● **EXERCISE BRIEF**: Leave out the pictures and repeat exactly the lines from the one containing "Близкий обзор закусок" through the final line of the listing below.

● **DATA PROVIDED**:

══════════════════════════════

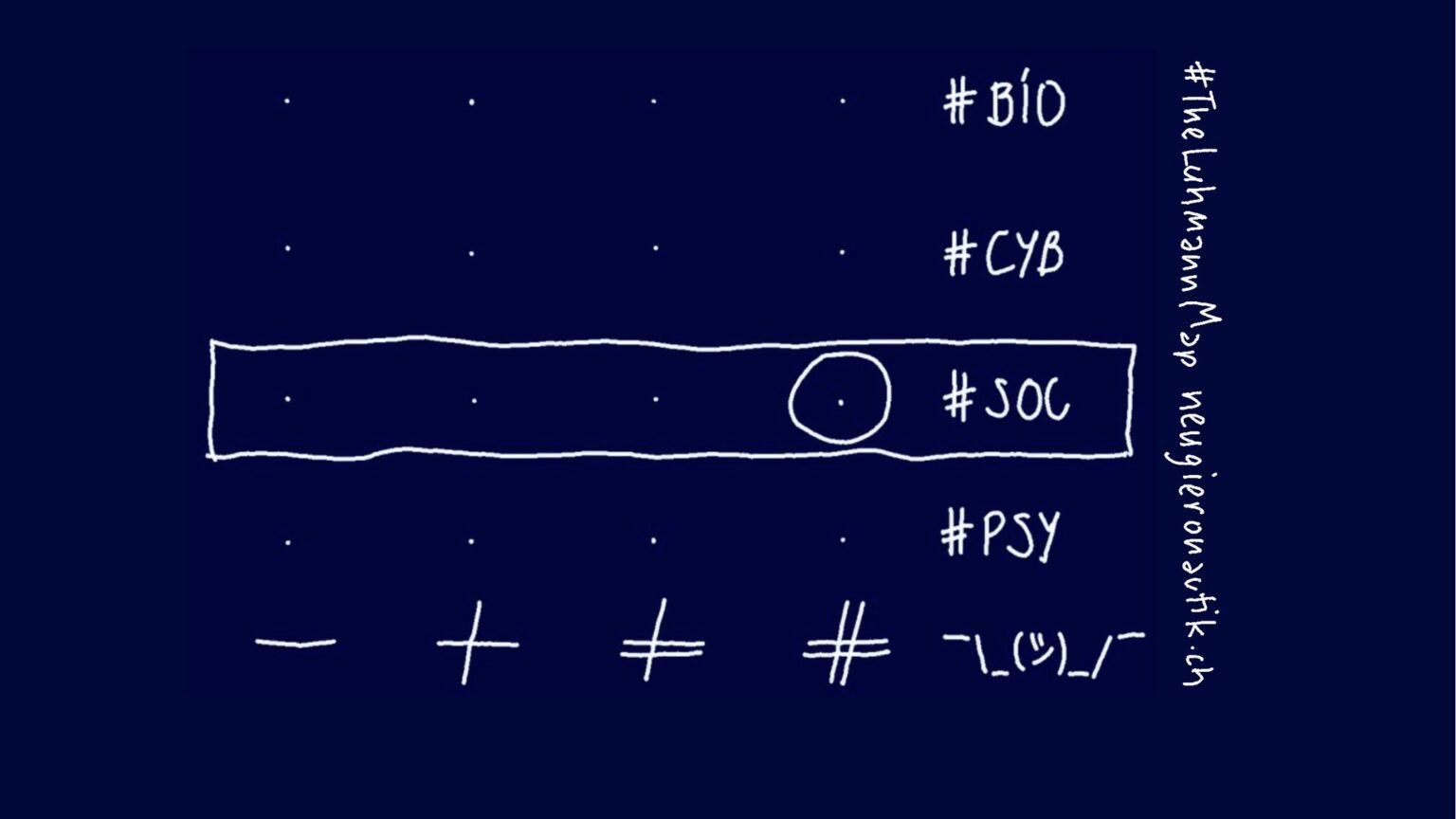 Der Soziologe Niklas Luhmann fokussiert auf #SOC. Der Sozialarbeiter, der Arbeit am Sozialen auch. Dieser Arbeitet nicht an Körpern, nicht an Psychen, nicht an “Sachen”, “Dingen”, “Maschinen” oder “Computern”.
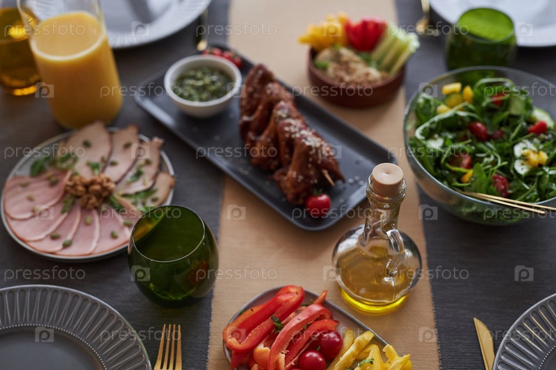 Близкий обзор закусок и легких блюд на обеденном столе, установленный с едой
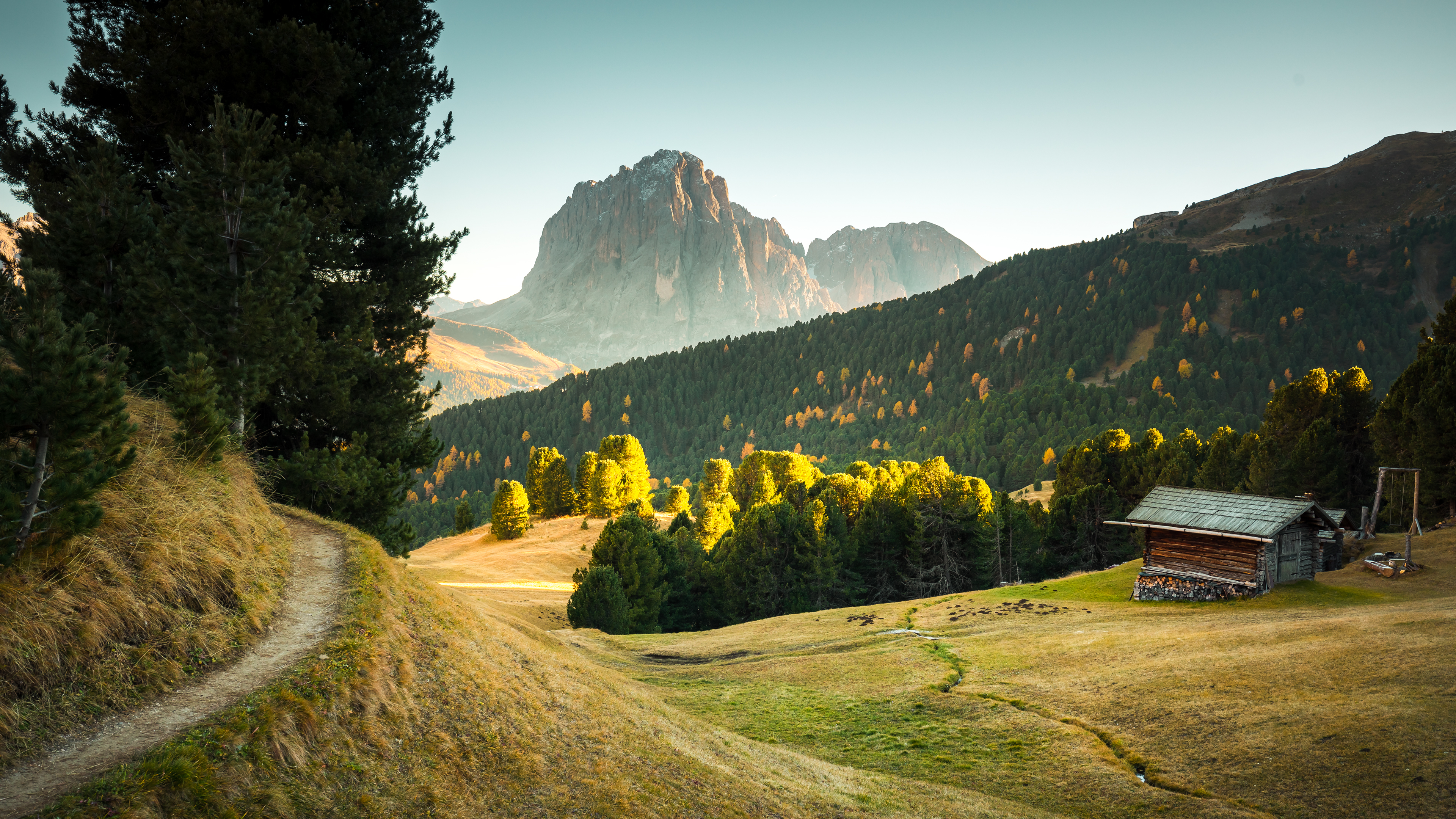 Landscape nature meadow forest rock trees architecture road sky 4K wallpaper

══════════════════════════════

● **REPLY**:
 Близкий обзор закусок и легких блюд на обеденном столе, установленный с едой
 Landscape nature meadow forest rock trees architecture road sky 4K wallpaper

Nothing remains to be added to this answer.